I set in washing. The glasses, plates, and bowls went pretty fast. There were way, way more than the rack would hold, so of course, I had to stop to dry and put away several times. The dreaded silverware was next. I made fresh, hot dishwater to soak it during the drying and put away process. While they soaked, I tackled the refrigerator. It was a small, older model with few shelves. Never fear, those shelves were stacked two or three layers deep with ancient vegetables nobody wanted the first time, dried mashed potatoes, wizened onions, potatoes, and turnips with dirt still clinging from the garden. None of our bowls had lids, so leftovers quickly crusted over.  I scraped out the dried leftovers in a bucket for the hogs, and made a new stack to start after the silverware was done.

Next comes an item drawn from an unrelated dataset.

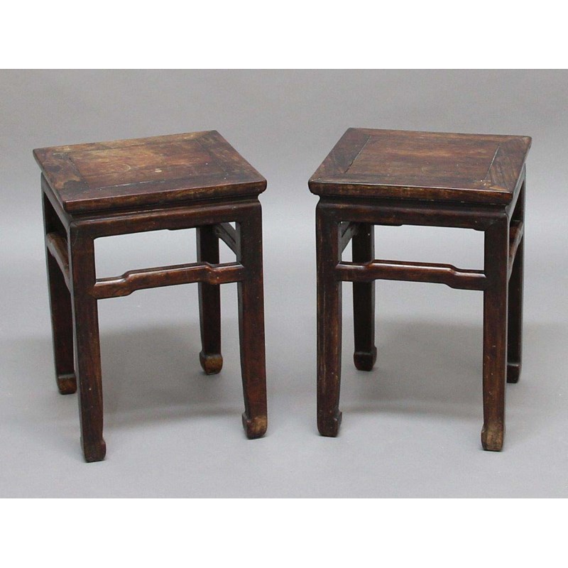 late 18th century, the square top above shaped stretchers on square section legs, height 49cm, width 35cm, depth 35cm (2)
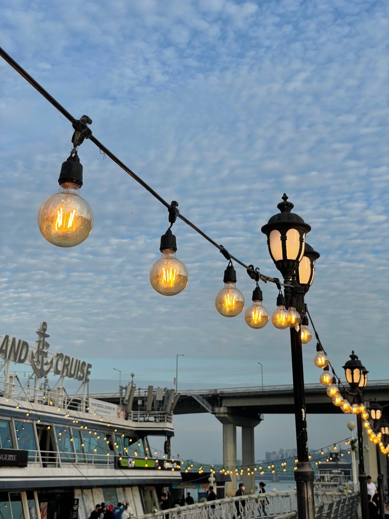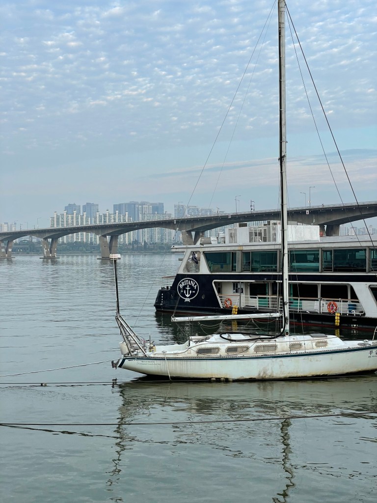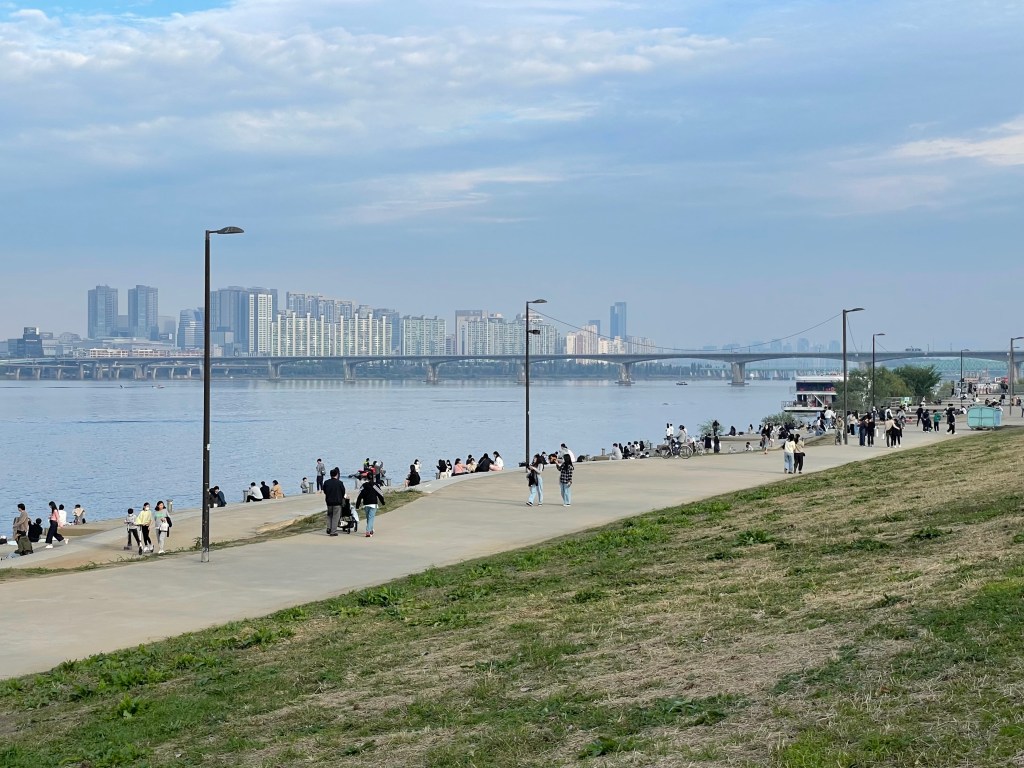 สวนสาธารณะยออึยโด (Yeouido) เป็นสวนสาธารณะที่ตั้งอยู่ริมแม่น้ำฮัน มาเดินเล่นช่วงเย็นบรรยากาศดีมาก ที่นี่คนเยอะโดยเฉพาะช่วงวันหยุดเสาร์อาทิตย์ คนเกาหลีจะชอบมานั่งปิกนิกชิลๆ พกไวน์มานั่งจิบ ชมวิวแม่น้ำ หรือไม่ก็หอบเต็นท์มากางนอนค้างคืนกันเลยทีเดียว

We didn’t have air conditioning, but our house boasted an attic fan.  For best effect, one closes the doors to unused rooms so the fan will pull a breeze though the areas in use.  I had the kitchen windows and back door open.  By the time I got the silverware done, a few wayward flies had worked their way in through a hole in the back door screen, not bothered at all by the cotton ball on the screen  that was supposed to terrify them senseless.  They didn’t share the family’s low opinion of the leftovers and were buzzing about them happily.  I took time out of my busy schedule to treat the hogs to that bucket of slop.  It’s impossible to climb up on the rails of a hog pen and dump slop into a trough with splashing some on yourself.  This just added to the fun.  A number of the flies journeyed with me to the hog pen, but a few slow learners lingered in the kitchen.  They were all over the slop I’d splashed on myself as soon as I got back in.  I didn’t have time for a showere, so I washed  my feet and legs with a washcloth.  The flies found a few spots I missed and pointed them out.  Of course, I had to swat them and sweep them up with the rest of the kitchen before I could continue.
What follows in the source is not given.